#Name : Harshbir Singh Sandhu
#E-Mail : harshsandhuonweb@gmail.com
#College : IIT Kanpur

A COMBINED CYCLE POWER PLANT IN CALIFORNIA

Introduction

The Combined Cycle Power Plant or combined cycle gas turbine, a gas turbine generator generates electricity and waste heat is used to make steam to generate additional electricity via a steam turbine. The gas turbine is one of the most efficient one for the conversion of gas fuels to mechanical power or electricity. The use of distillate liquid fuels, usually diesel, is also common as alternate fuels. More recently, as simple cycle efficiencies have improved and as natural gas prices have fallen, gas turbines have been more widely adopted for base load power generation, especially in combined cycle mode, where waste heat is recovered in waste heat boilers, and the steam used to produce additional electricity.

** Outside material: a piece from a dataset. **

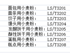 GBGB/T 8608为低筋面粉;GB/T 1355为中筋面粉;GB/T 8607为高筋面粉;LS/T 3201-3208专用小麦粉。

The basic principle of the Combined Cycle is simple: burning gas in a gas turbine (GT) produces not only power - which can be converted to electric power by a coupled generator - but also fairly hot exhaust gases. Routing these gases through a water-cooled heat exchanger produces steam, which can be turned into electric power with a coupled steam turbine and generator. This type of power plant is being installed in increasing numbers round the world where there is access to substantial quantities of natural gas.

Mechanism

Combined cycle power plant as in name suggests, it combines existing gas and steam technologies into one unit, yielding significant improvements in thermal efficiency over conventional steam plant. The term “combined cycle” refers to the combining of multiple thermodynamic cycles to generate power. In a CCGT plant the thermal efficiency is extended to approximately 50-60 per cent, by piping the exhaust gas from the gas turbine into a heat recovery steam generator. However the heat recovered in this process is sufficient to drive a steam turbine with an electrical output of approximately 50 per cent of the gas turbine generator.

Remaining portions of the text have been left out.